# [BRIEF]
What is printed must match, line for line, the records from their first line through the line containing "Kleurrijke vervallen straat", with pictures left out.

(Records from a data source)
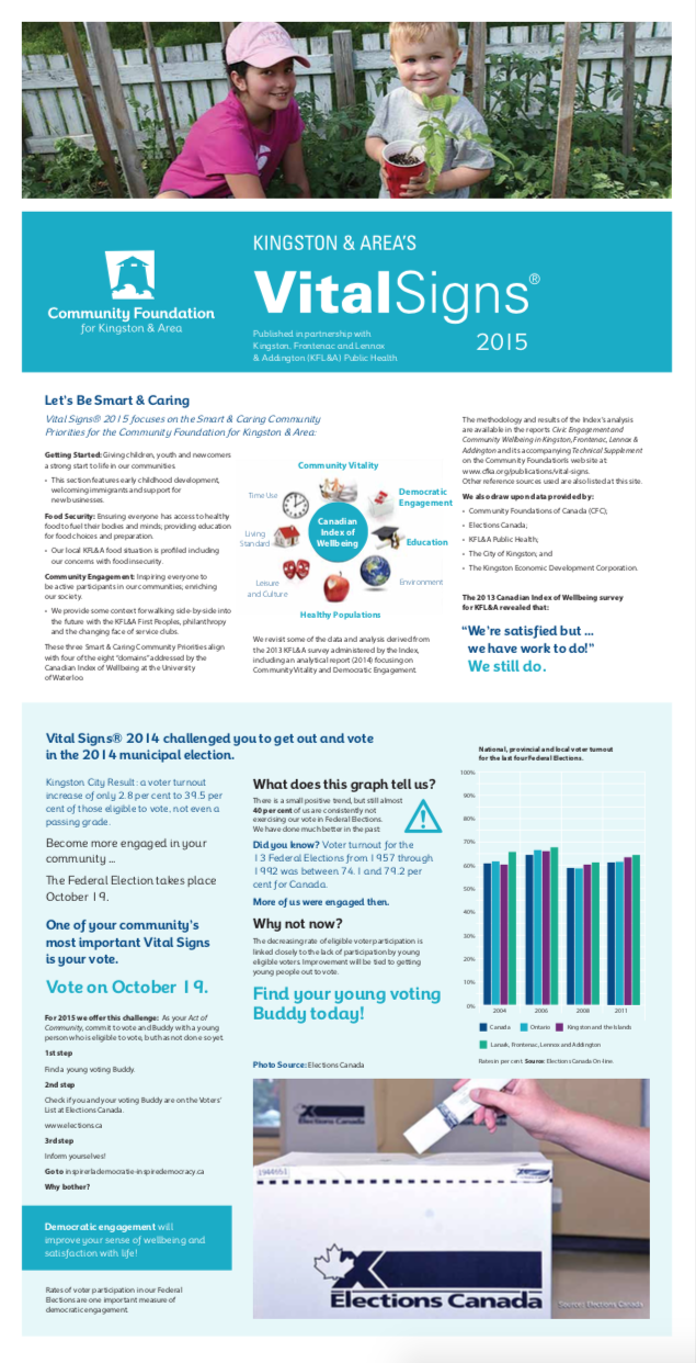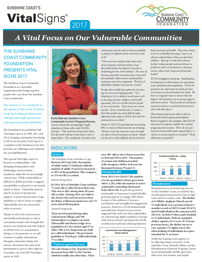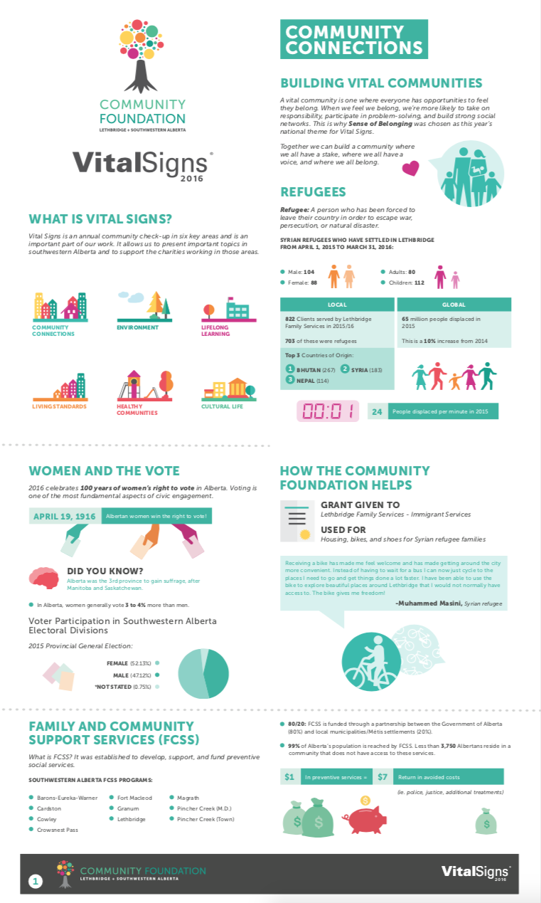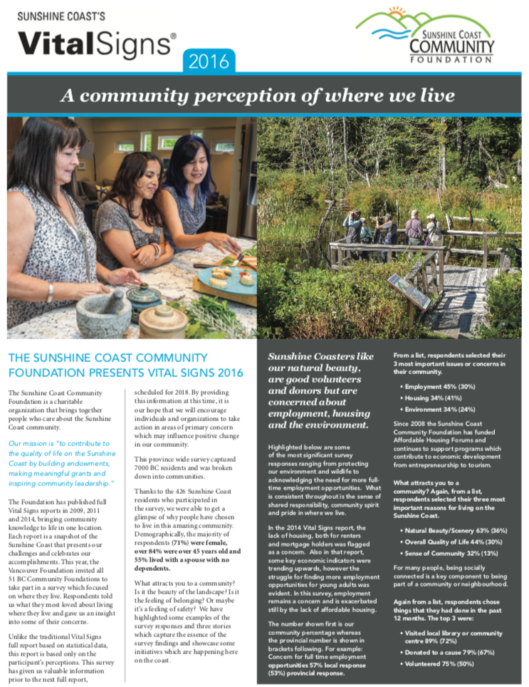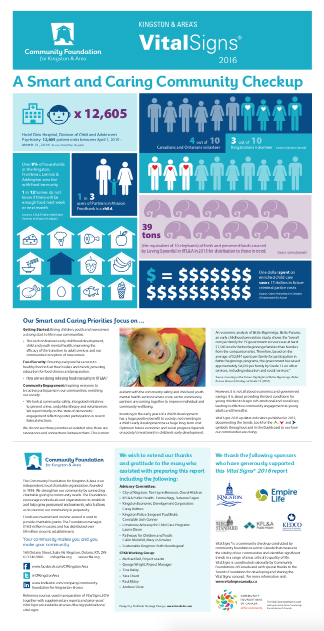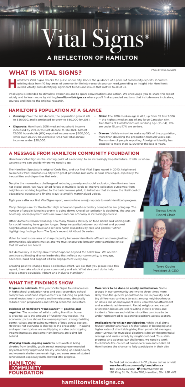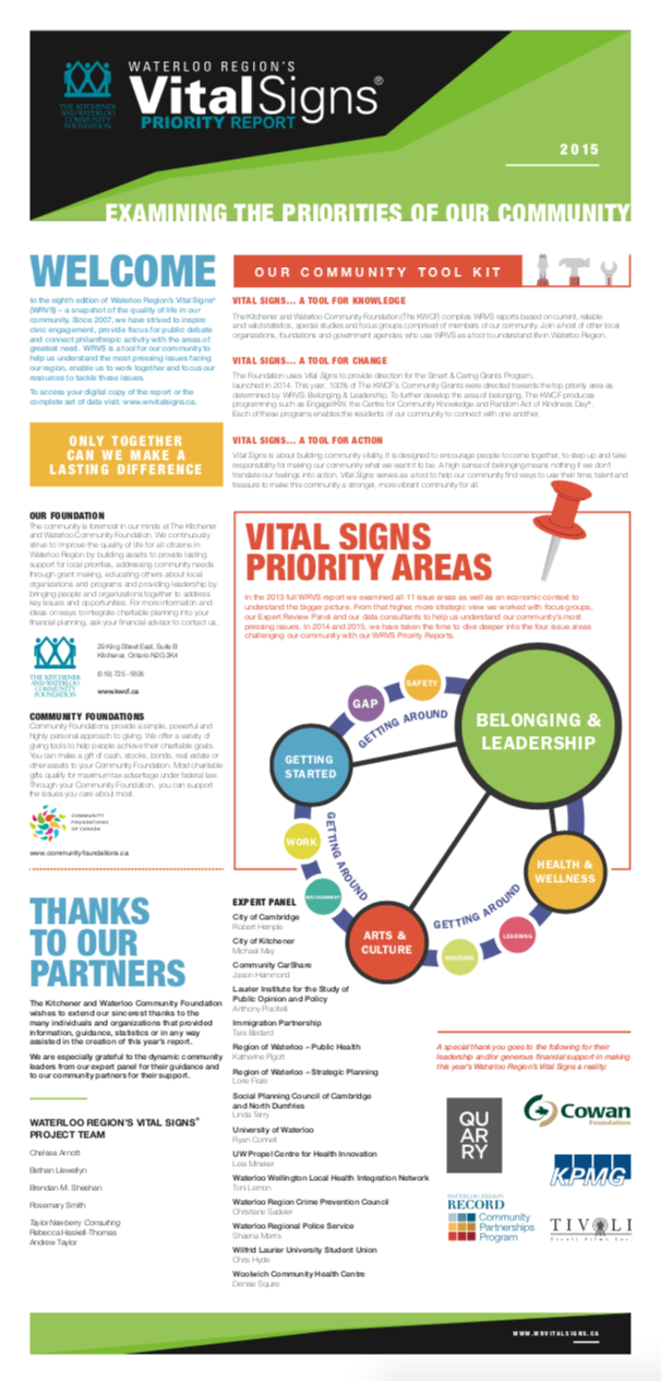 The Vital Signs program has a rich history at CFC, in communities across the country and around the world. Past community reports provide important historical data for many researchers, analysts and organizations. National reports have examined themes and trends as wide-ranging as food security, issues and barriers facing youth in Canada or how the arts and sports play a role in fostering a sense of belonging. Community and international reports examine vital community issues.
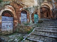 Kleurrijke vervallen straat met trap, bestraat met klinkers, ergens in het Toscaanse vestingstadje Pitigliano.
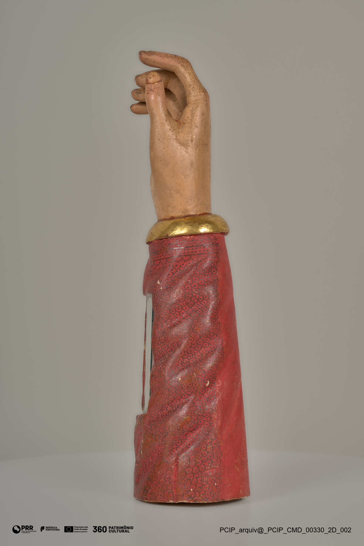 Matéria/Técnica: Madeira, pigmentos, ouro, vidro, osso.; Cronologia: 1664; Autoria: António Lopes; António de Oliveira; Dimensões: Altura: 38 cm; Largura: 10,5 cm; Profundidade: 10 cm.
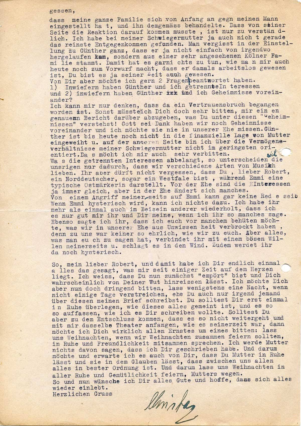 So, mein lieber Robert, und damit habe ich Dir endlich einmal alles das gesagt, was mir seit einiger Zeit auf dem Herzen liegt. Ich weiß, dass Du nun zunächst „empört“ bist und Dich wahrscheinlich von Deiner Wut hinreißen lässt. Ich möchte Dich aber nun doch dringend bitten, lass wenigstens eine Nacht, wenn nicht einige Tage verstreichen, ehe Du auch nur irgend jemand über diesen meinen Brief schreibst. Du solltest Dir erst einmal in Ruhe überlegen, wie dieses alles gemeint ist, und es so auffassen, wie ich es Dir schreiben wollte. Solltest Du aber zu dem Entschluss kommen, dass es so nicht weitergeht und mit mir dasselbe Theater anfangen, wie es seinerzeit war, dann möchte ich Dich wirklich allen Ernstes um eines bitten: lass uns Weihnachten, wenn wir Weihnachten zusammen feiern sollten, in Ruhe und Freundlichkeit mitsammen sprechen. Ich werde Mutter nichts davon sagen, dass ich Dir geschrieben habe. Und darum möchte und erwarte ich es auch von Dir, dass Du Mutter in Ruhe lässt und sie in dem Glauben lässt, dass zwischen uns allen alles in bester Ordnung ist. Und darum lass uns Weihnachten in aller Ruhe und Gemütlichkeit feiern, Mutters wegen.
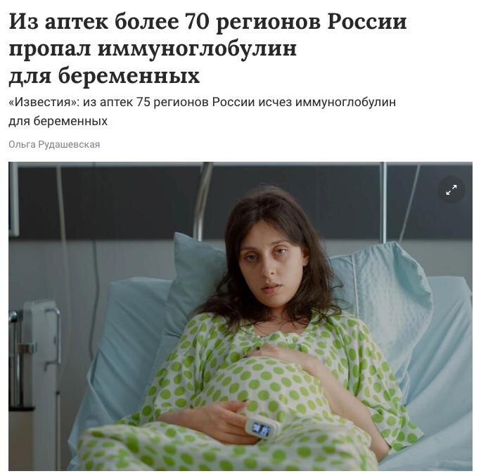 📉 Из российских аптек исчез важный препарат для беременных: что происходит? 🔴 Антирезусный иммуноглобулин — это препарат, сделанный из донорской крови. Он применяется для профилактики резус-конфликта между матерью и плодом, если у женщины отрицательный резус-фактор, а у будущего ребёнка — положительный. Без введения иммуноглобулина иммунная система матери может воспринять клетки плода как «врага» и выработать антитела, которые будут атаковать эритроциты малыша. Это грозит гемолитической болезнью новорождённого, анемией, поражением органов и даже гибелью плода. 📌 Препарат вводится: – в течение 72 часов после родов, аборта или выкидыша – на 28 неделе беременности для профилактики – при инвазивных вмешательствах, например, амниоцентезе 🛑 Сейчас в 75 регионах России, включая Москву и Петербург, этот препарат просто исчез. Причина — дефицит антирезусного иммуноглобулина как зарубежного, так и российского производства. Централизованные поставки не осуществляются, а медицинские учреж

# [REPLY TO THE TASK]
 The Vital Signs program has a rich history at CFC, in communities across the country and around the world. Past community reports provide important historical data for many researchers, analysts and organizations. National reports have examined themes and trends as wide-ranging as food security, issues and barriers facing youth in Canada or how the arts and sports play a role in fostering a sense of belonging. Community and international reports examine vital community issues.
 Kleurrijke vervallen straat met trap, bestraat met klinkers, ergens in het Toscaanse vestingstadje Pitigliano.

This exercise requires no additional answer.